EXHIBIT 4.1


                    CERTIFICATE OF THE POWERS, DESIGNATIONS,
                            PREFERENCES AND RIGHTS OF
                            SERIES B PREFERRED STOCK
                            OF SOLECTRON CORPORATION


       The undersigned, Susan S. Wang, does hereby certify:

       1. That she is the duly elected and acting Senior Vice President, Chief
Financial Officer and Secretary of Solectron Corporation, a Delaware corporation
(the "CORPORATION").

       2. That, pursuant to the provisions of Section 151(g) of the General
Corporation Law (the "DGCL") and pursuant to the authority conferred upon the
Board of Directors of the Corporation (the "BOARD") by the provisions of the
Amended and Restated Certificate of Incorporation of the Corporation (the
"CERTIFICATE OF INCORPORATION") the following resolutions were duly adopted by
the Board at a meeting duly held on August 8, 2001, creating a series of
preferred stock and fixing the relative powers, preferences, rights,
qualifications, limitations and restrictions of such stock. These resolutions
are as follows:

       "RESOLVED, that pursuant to authority expressly granted to and vested in
the Board by the provisions of the Certificate of Incorporation, the Board does
hereby provide for the issuance of a series of preferred stock, par value $0.001
per share, which shall consist of one of the remaining 1,000,000 shares of
preferred stock the Corporation now has authority to issue, and the Board does
hereby fix and herein state and express the designations, powers, preferences
and relative, participating, optional and other special rights, and the
qualifications, limitations and restrictions thereof, of the share of such
series (in addition the designations, powers, preferences and relative,
participating, optional or other special rights, and the qualifications,
limitations or restrictions thereof, set forth in the Certificate of
Incorporation which may be applicable to the preferred stock of this series) as
follows:

       Section 1. Designation and Amount. One share of the preferred stock,
$0.001 par value per share, of the Corporation is hereby constituted as a series
of the preferred stock designated Series B Preferred Stock, $0.001 par value
(the "SERIES B PREFERRED").

       Section 2. Dividends. The holder of record of the Series B Preferred
shall not be entitled to receive any dividends declared and paid by the
Corporation.

       Section 3. Voting Rights. The holder of record of the share of Series B
Preferred shall have the following voting rights:



       (a) Except as otherwise required by law or the Certificate of
Incorporation, the holder of record of the share of Series B Preferred shall
have a number of votes equal to the number of votes that the holders of the
outstanding Exchangeable Non-Voting Shares ("EXCHANGEABLE SHARES") of Solectron
Global Services Canada Inc., a subsidiary of the Corporation existing under the
laws of Canada ("EXCHANGECO"), from time to time, which are not owned by the
Corporation, any of its subsidiaries or any entity directly or indirectly
controlled by or under common control with the Corporation would be entitled to
if all such Exchangeable Shares were exchanged by the holders thereof for shares
of the Common Stock of the Corporation pursuant to the terms of the Exchangeable
Shares, in each case for the election of directors and on all matters submitted
to a vote of the stockholders of the Corporation.

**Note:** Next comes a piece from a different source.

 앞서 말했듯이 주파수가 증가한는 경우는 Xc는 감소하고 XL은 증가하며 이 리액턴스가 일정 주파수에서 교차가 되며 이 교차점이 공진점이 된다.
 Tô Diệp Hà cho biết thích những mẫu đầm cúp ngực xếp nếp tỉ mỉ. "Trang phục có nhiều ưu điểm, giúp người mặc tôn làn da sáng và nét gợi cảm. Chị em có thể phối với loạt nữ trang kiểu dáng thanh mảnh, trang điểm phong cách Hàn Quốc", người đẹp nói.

       (b) Except as otherwise required by law or the Certificate of
Incorporation, the holder of record of the single share of Series B Preferred
and the holders of Common Stock of the Corporation shall vote together as one
class on all matters submitted to a vote of the stockholders of the Corporation.

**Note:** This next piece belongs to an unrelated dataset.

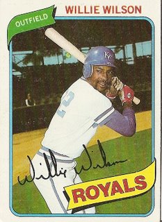 He entered the game as pinch-runner when the outcome was still in doubt. The announcers, Ned Martin and Jim Woods, instantly began speaking of him in almost hushed tones, and Wilson obliged their fearful and laudatory testimonials by stealing second, sprinting to third on a groundout, and flying home on a popup to shallow center by The Next Mickey Mantle, Clint Hurdle. Not incidentally, in retracing the details of this 7/21/78 Red Sox-Royals game at retrosheet.com, I was surprised to discover that Clint Hurdle had what may well have been his first, last, and only great day in the major leagues, knocking in six runs against an eventual 99-game-winning team. I have absolutely no memory of Clint Hurdle in this game, perhaps because he fades into his customary inconsequentiality next to Wilson, who seemed that day almost like a superhero, especially with his alliterative first and last names that recalled other superhero alter egos such as Peter Parker, Clark Kent, Bruce Banner, and Reed Richards. Willie Wilson. A lightning bolt in white and blue.

       Section 4. Liquidation Preference. Upon any liquidation, dissolution or
winding up of the Corporation, whether voluntary or involuntary, and subject to
any prior rights of holders of shares of preferred stock ranking senior to the
Series B Preferred, the holder of record of the share of Series B Preferred
shall be paid an amount equal to $1.00, together with payment to any class of
stock ranking equally with the Series B Preferred, and before payment shall be
made to holders of any stock ranking on liquidation junior to the Series B
Preferred (such amount payable with respect to the Series B Preferred being
referred to as the "SERIES B PREFERRED LIQUIDATION PREFERENCE PAYMENT").

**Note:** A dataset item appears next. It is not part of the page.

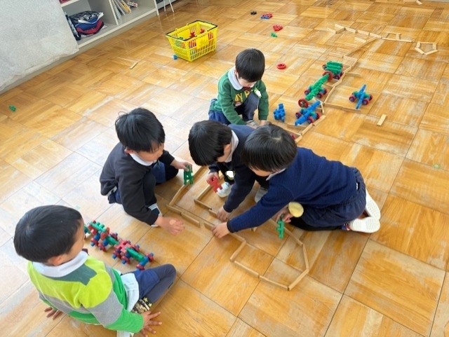 駐車場や車に見立てながら、友だちと楽しく遊んでいます!

       Section 5. Other Provisions.

       (a) Pursuant to the terms of that certain combination agreement, dated as
of August 8, 2001, as amended as of September 7, 2001, by and among the
Corporation, 3924548 Canada Inc., Exchangeco and C-MAC Industries Inc., a
corporation organized under the laws of Canada (the "COMBINATION AGREEMENT"),
one share of Series B Preferred is being issued to the trustee (the "TRUSTEE")
in exchange for consideration of $1.00 under the Voting and Exchange Trust
Agreement, to be entered into pursuant to the Combination Agreement by and among
the Corporation, Exchangeco and the Trustee (the "TRUST AGREEMENT").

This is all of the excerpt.